The distribution of deuterium “hot spots” in localized regions within the cyclic plastic zone, as evident in Figs. 1 and 2, are potentially significant to how hydrogen may influence the deformation process and help elucidate which mechanism of HAC is responsible for the fatigue crack growth, at least under these test conditions. Fatigue loading is known to evolve complex deformation structures with locally high densities of dislocations,40,41,42 as are similarly observed in the present study (Fig. 3). The localization of hydrogen to these deformation structures, as is strongly suggested by Fig. 3, is consistent with hydrogen-enhanced dislocation nucleation and/or localization. As described by the HELP mechanism,18 hydrogen segregated to dislocations can reduce their interaction energy with other dislocations through modification of the elastic stress field. Therefore, the ability of dislocations to overcome obstacles will be enhanced and it directly follows that dislocation mobility will be increased at lower applied stress levels. Obstacles need not only be solute, but also can be other dislocations, and so a further manifestation of this effect is a smaller dislocation–dislocation distance in regions of high dislocation density, which can affect local stress states and potentially influence crack propagation. If this were indeed the case, we would also expect to see regions of higher hydrogen concentration resulting from the enhanced transport of hydrogen by dislocations which is clearly the case in Figs. 1–3. These results and method of analysis are of particular interest in light of the modeling of hydrogen transport by dislocations recently described by Dadfarnia et al.43 Although their model does not describe a fatigue test, their predicted transport of hydrogen away from the crack tip as well as loss of pre-charged hydrogen from the crack tip site are in line with what is observed in this study. Thus, the methodology presented herein provides a means to experimentally validate these and future models, in response to one of the future research directions suggested in the recent review of advances on hydrogen embrittlement of structural materials.44
Samples for NanoSIMS analysis were prepared from the compact tension specimens using standard metallographic procedures with a final polish using an oxide polishing suspension. No etchant was used thereby avoiding sources of potential contamination. High spatial resolution SIMS images mapping the distribution of the elemental 1H−, 2H−, 12C−, 16O−, and 28Si− and the molecular 16O2H− and 32S2H− secondary ions were acquired with a Cameca NanoSIMS 50L ion microprobe employing a Cs+ primary ion beam.

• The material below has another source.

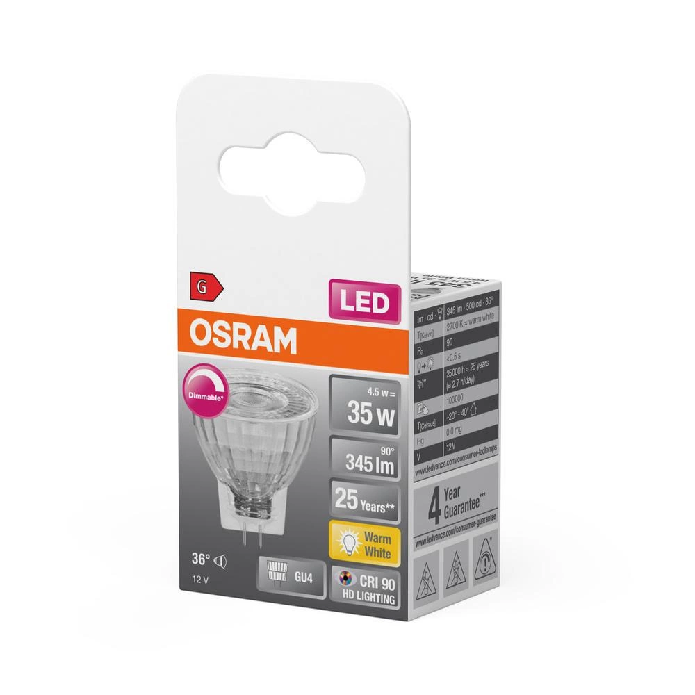Żarówka LED MR11 Reflektor GU4 4.5W = 35W 345lm 2700K Ciepła CRI90 12V 36° Ściemnialna SUPERSTAR Osram

The beam with approximately a 100 nm spot size is rastered across the sample surface and the secondary ions produced by sputtering processes are filtered first for energy and subsequently for mass by a magnetic sector with a fixed magnetic field. Seven electron multiplier detectors are stationed at the appropriate radii to simultaneously detect and measure the secondary ions of interest from the same sputtered volume. By synchronizing the detection with the raster of the primary Cs+ beam, images are formed analogous to image acquisition in a scanning electron microscope. In fact, secondary electrons are also produced during the sputtering process and are used to produce a secondary electron image. Up to several hundred image acquisitions from the same area are acquired for each analysis, and the stack of images produced are aligned to a specific prominent feature in the image and then summed to create a single mass image with statistically relevant counts. More detailed description of the instrumentation can be found in Lechene et al.45 All data was analyzed with the open source OpenMIMS46 software plugin for ImageJ.47
The NanoSIMS image data that support the findings are available from the corresponding author upon reasonable request.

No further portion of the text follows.